Obsolete Document

The maintainers of EDD are working with the application as a continuous delivery project, and are not publishing explicit versioned packages or Docker images. The last official release of EDD is 2.6.6 from November 2020. Any new users should work off the trunk branch of the repo, and use their own release process for deployment. This document is kept as an historical example on one way to do that release process.

Release Process

This document is an outline of the steps that should be taken to make a new release of EDD. The instructions are mostly historical at this point. All build and release actions within JBEI / EmeryStation East are automated in CI.

Operations in git repository

For Major (N+1.0.0) or Minor (X.N+1.0) versions, create a date-stamped release branch from trunk for the release-candidate. For example, if starting a 4.0.0 release series on July 1st, 2019; a branch named release/20190701 is started from trunk. Commits working toward a final release artifact get added to this branch.

For Bugfix (X.Y.N+1) versions, add commits to the Major/Minor release branch. The exact commit used to create a final release artifact is to be tagged with the X.Y.Z version number for the released artifact. Multiple commits may exist between bugfix version tags.

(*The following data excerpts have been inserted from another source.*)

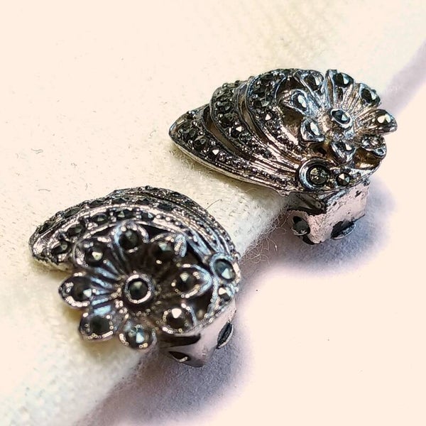 Vintage oorclips van zilverkleurig metaal in bloemontwerp met marcasiet steentjes uit de jaren '40-'60.
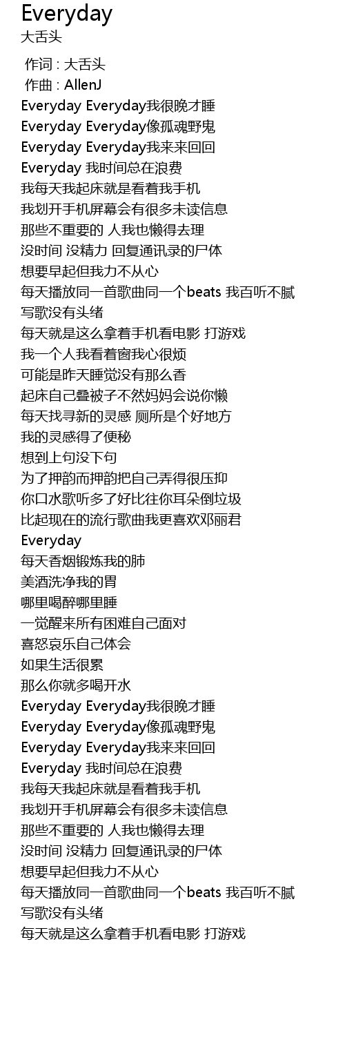 | [02:24.002] | Everyday Everyday wǒ hěn wǎn cái shuì |
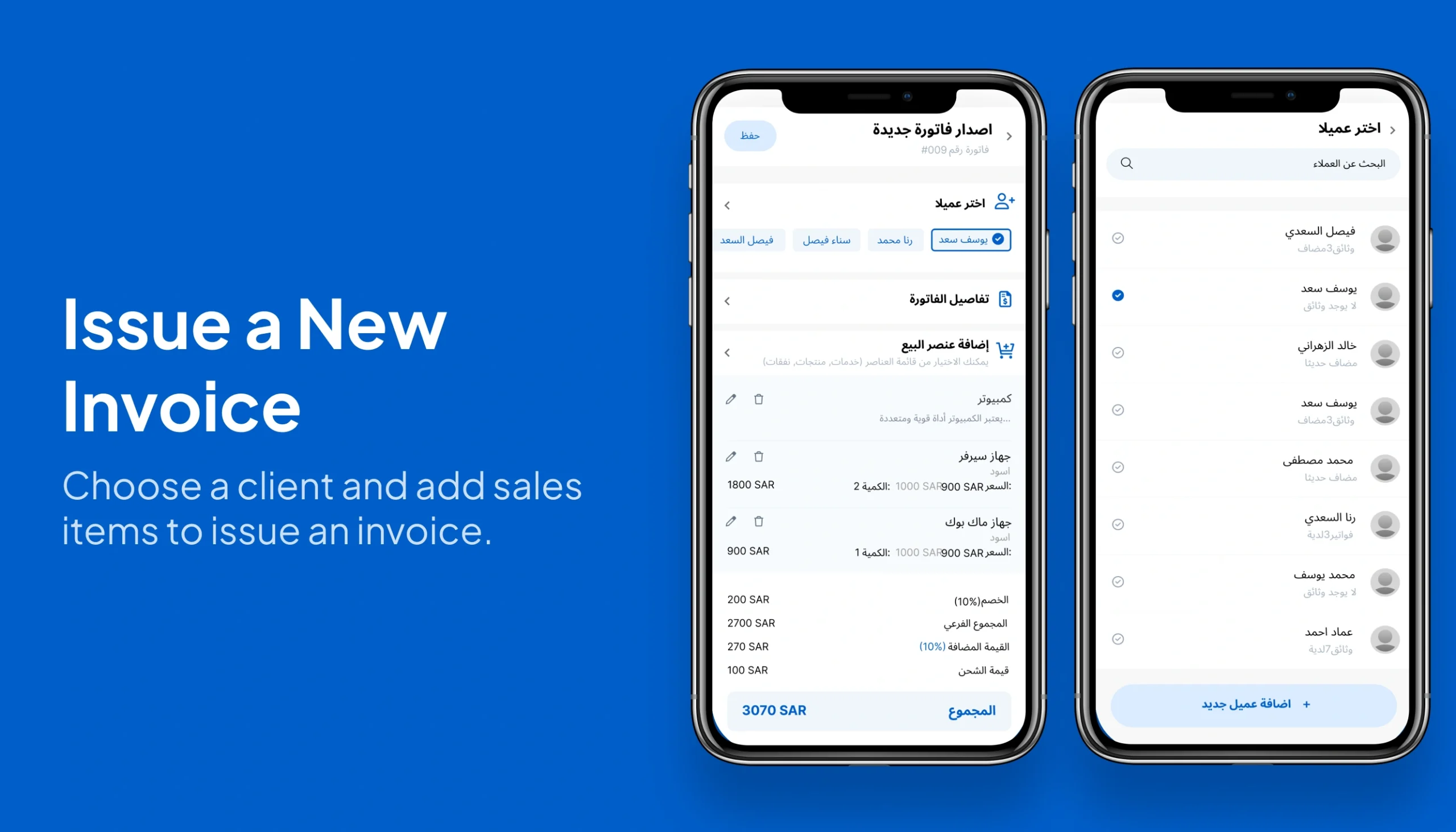 Designed a Professional and Integrated Invoicing System: We created a system that enables users to send professional invoices, which enhances client trust and improves brand image. Developed Workflow Automation Mechanisms: We worked on automating the billing workflow entirely, including sending smart reminders for payments, to save users time and effort. Created Tools for Tracking Payments and Managing Expenses: We included powerful features that allow users to track payments and manage expenses from a single location.
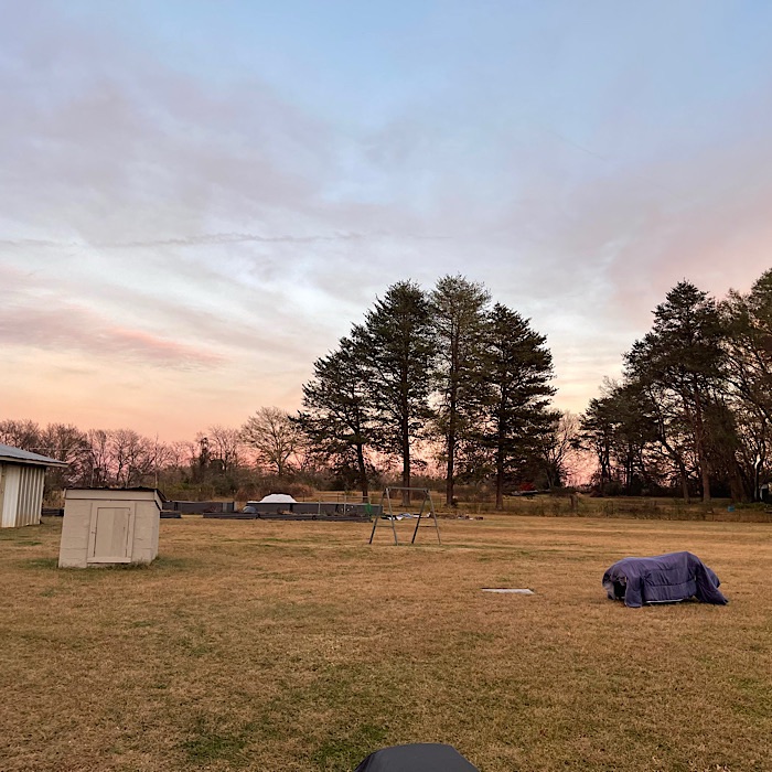 In the evening, Bruce and I covered the radishes and Japanese mustard greens to keep them safe.

Operations to build release artifacts

Notes on flags to docker build commands:

  • --pull makes sure to pull the latest version of the base image from Docker Hub
  • --no-cache makes sure to build from scratch, without build cache
  • -t [NAME] tags the resulting image; otherwise image is only accessible from its hash ID

Build the Docker image for jbei/edd-node in ${BASE}/docker/node/ directory. This image is responsible for the TypeScript build environment and creates the static script and stylesheet assets for EDD. The below command builds and tags the image with latest and the X.Y.Z version:

docker build \
    --pull \
    --no-cache \
    -t jbei/edd-node \
    -t jbei/edd-node:X.Y.Z \
    .

Build the Docker image for jbei/scikit-learn in ${BASE}/docker/edd/scikit-learn directory. This image is the base Python with Numpy, SciPy, Scikit-learn environment, that would otherwise take too long to build every time. This image should remain stable for longer periods. Release schedule is TBD, see README in the directory. The below command builds and tags the image:

docker build \
    --pull \
    --no-cache \
    -t jbei/scikit-learn \
    .

Build the Docker image for jbei/edd-core directly in the ${BASE} directory. Make sure to locally build jbei/edd-node and jbei/scikit-learn first. The below command builds and tags the image with latest and the X.Y.Z version:

DOCKER_BUILDKIT=1 docker build \
    -t jbei/edd-core \
    -t jbei/edd-core:X.Y.Z \
    -f docker/edd/core/Dockerfile \
    --build-arg "TARGET=prod" \
    --build-arg "EDD_VERSION=X.Y.Z" \
    .

For other Docker images under ${BASE}/docker/ directory, services should be tagged with the upstream service version. For example, custom build of Postgres 9.6 would get tagged jbei/postgres:9.6. Also tag custom builds of services with the ISO date of the build. For example, a build on July 1st, 2019 of Postgres 9.6 would get tagged jbei/postgres:9.6-20190701.

Deploying Releases

Push images to Docker Hub with docker push [IMAGENAME]. On the deploy host, Pull images from Docker Hub with docker pull [IMAGENAME]. Checkout or pull updated code/configs from git. For smallest downtime, use docker compose up -d to detect containers that need to be re-created, and automatically stop, remove, and re-create them.